If, in the future you do do a twin light luminaire I'll be first in the line though! Or a T5 suitable for sustaining plants and providing UV, now THAT would be something!!

Dave


----------



## Rammy (Feb 3, 2013)

John
I am a bit new to all of this, but I want to replace the lighting in the viv for my bearded dragon. The viv is 4ft x 18" x 18" and it currently has one of the curly bulbs (sorry dont know the correct term). I want to put in a T5 and using your lighting guide it suggests only lighting 2/3 of the viv. So is there a part number / spec you can recommend? I was thinking a 2ft tube, fitted 6 inches along from the hot end? Would this be ok and what wattage bulb do I need?
Sorry for hijacking this thread if it isnt the right place - but I am a newbie! :lol2:

Dave


----------



## Arcadiajohn (Jan 30, 2011)

hi no problem. 

really.....a compact in a 48" viv:gasp: who sold you that???

T5 is the only way to be sure of re-creating a wild UV index at a certain gradient. This is what the animals have developed to live in over milenia and therefor must be our guidles.

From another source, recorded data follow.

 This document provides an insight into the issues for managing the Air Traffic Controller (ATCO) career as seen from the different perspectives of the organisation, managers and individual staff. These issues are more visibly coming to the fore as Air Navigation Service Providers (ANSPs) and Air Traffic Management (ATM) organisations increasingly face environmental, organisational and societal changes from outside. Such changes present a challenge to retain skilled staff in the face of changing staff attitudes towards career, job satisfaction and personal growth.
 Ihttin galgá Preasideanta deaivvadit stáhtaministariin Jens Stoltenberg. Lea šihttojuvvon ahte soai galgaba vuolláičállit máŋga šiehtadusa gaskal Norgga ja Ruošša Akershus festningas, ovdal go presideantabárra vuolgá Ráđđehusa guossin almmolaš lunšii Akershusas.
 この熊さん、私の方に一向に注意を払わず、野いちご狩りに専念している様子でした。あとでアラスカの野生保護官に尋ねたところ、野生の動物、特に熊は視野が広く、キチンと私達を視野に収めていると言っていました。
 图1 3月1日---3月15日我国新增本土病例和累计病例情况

I a four foot viv you would use a 39w 36" lamp and refletcor. You fit this as usggested in the corner between the roof and the front plate above the door and set into the hot end so that there is a natural gradient into shade at the cool end.

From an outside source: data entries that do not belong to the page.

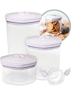 Avid Armor 3 Piece Vacuum Food Container Set for Home Kitchen with Accessory Hose in 2L, 1.4L, and 0.7L Sizes BPA Free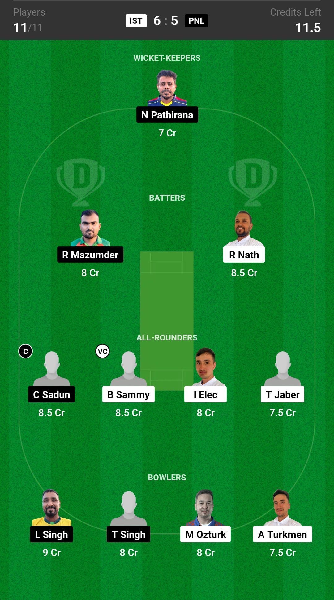 Istanbul KSK vs Punjab Lions Nicosia Dream11 Prediction Today, Grand League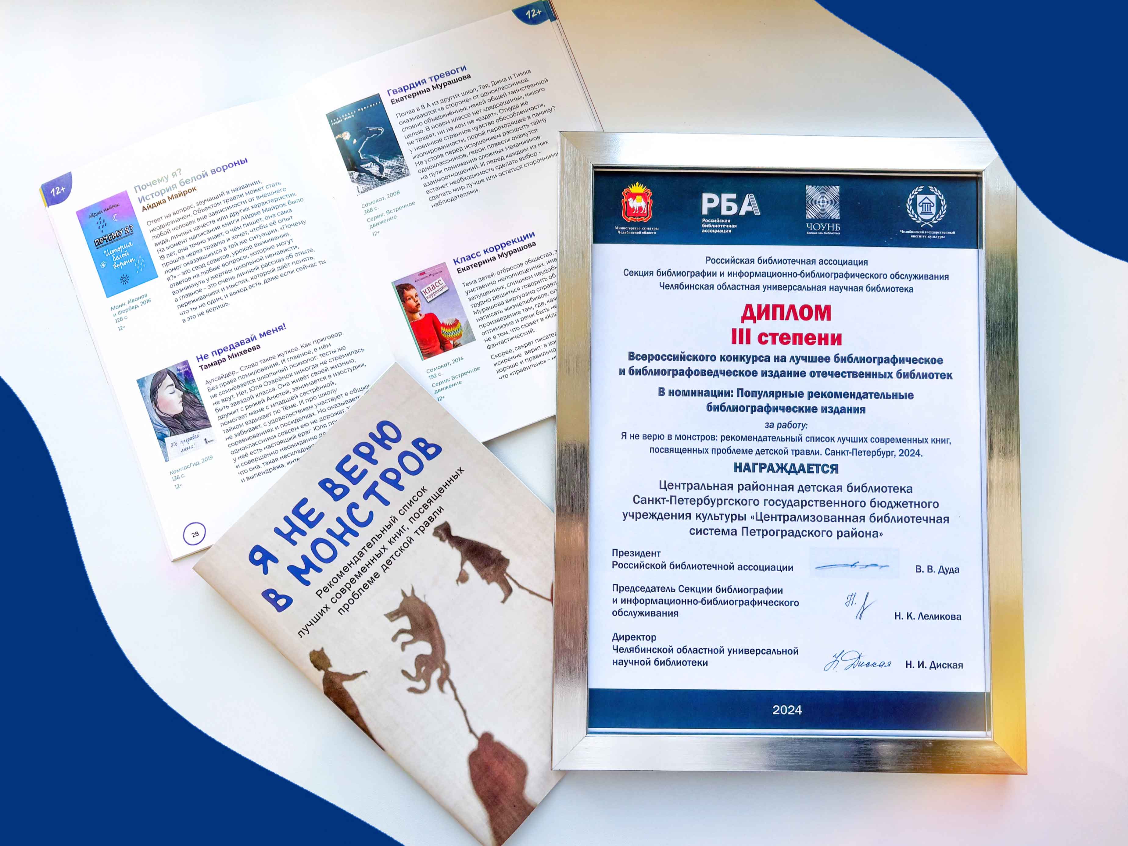 🏆Дипломом 3 степени в номинации «Популярные рекомендательные библиографические издания» награждена команда Библиотек Петроградской стороны за рекомендательный список современных книг, посвященных проблеме детской травли «Я не верю в монстров».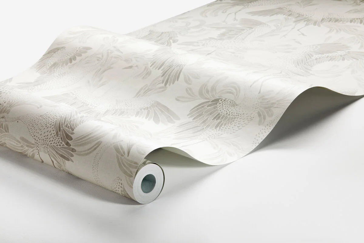 Tapete mit tierischem Motiv von Vögeln DANCING CRANE weiß mit grau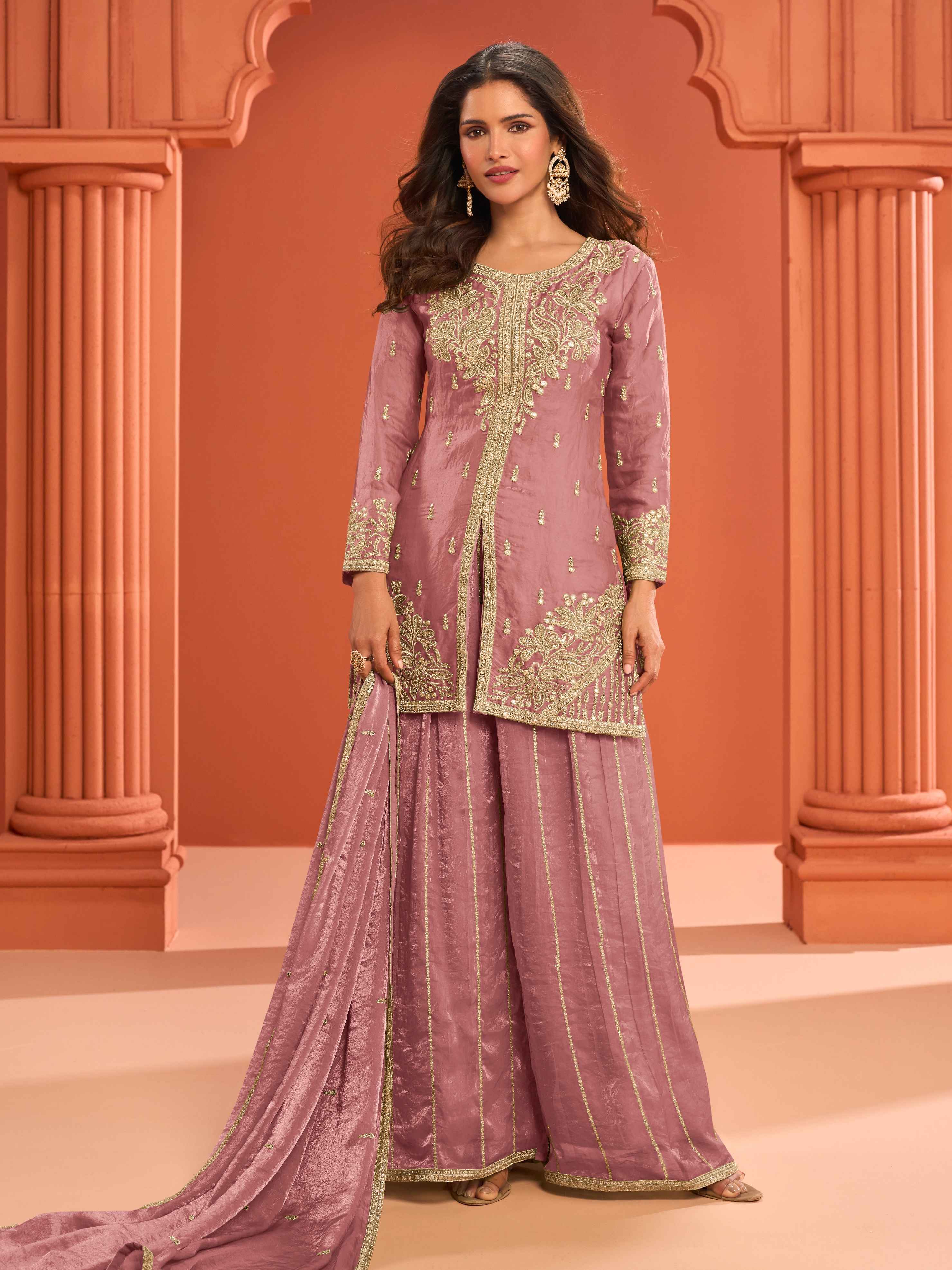 Dusty Rose Pink Real Fandy Silk Embroidered Kurti Palazzo Suit

you then use decoration so that the animal can set its own exposure. so rocks and branches at the centre of the hot end.

to do this you will need

ACRE1U5 x1 this is a single 24-39w controller
FD3P39T5 x1 this is a 39w 12% UVB high output T5 lamp
ALRS39 x1 this is the reflector

is that ok??

John






Rammy said:


> John
> I am a bit new to all of this, but I want to replace the lighting in the viv for my bearded dragon. The viv is 4ft x 18" x 18" and it currently has one of the curly bulbs (sorry dont know the correct term). I want to put in a T5 and using your lighting guide it suggests only lighting 2/3 of the viv. So is there a part number / spec you can recommend? I was thinking a 2ft tube, fitted 6 inches along from the hot end? Would this be ok and what wattage bulb do I need?
> Sorry for hijacking this thread if it isnt the right place - but I am a newbie! :lol2:
> 
> Dave


----------



## Rammy (Feb 3, 2013)

Fantastic John! Many thanks.

Dave


----------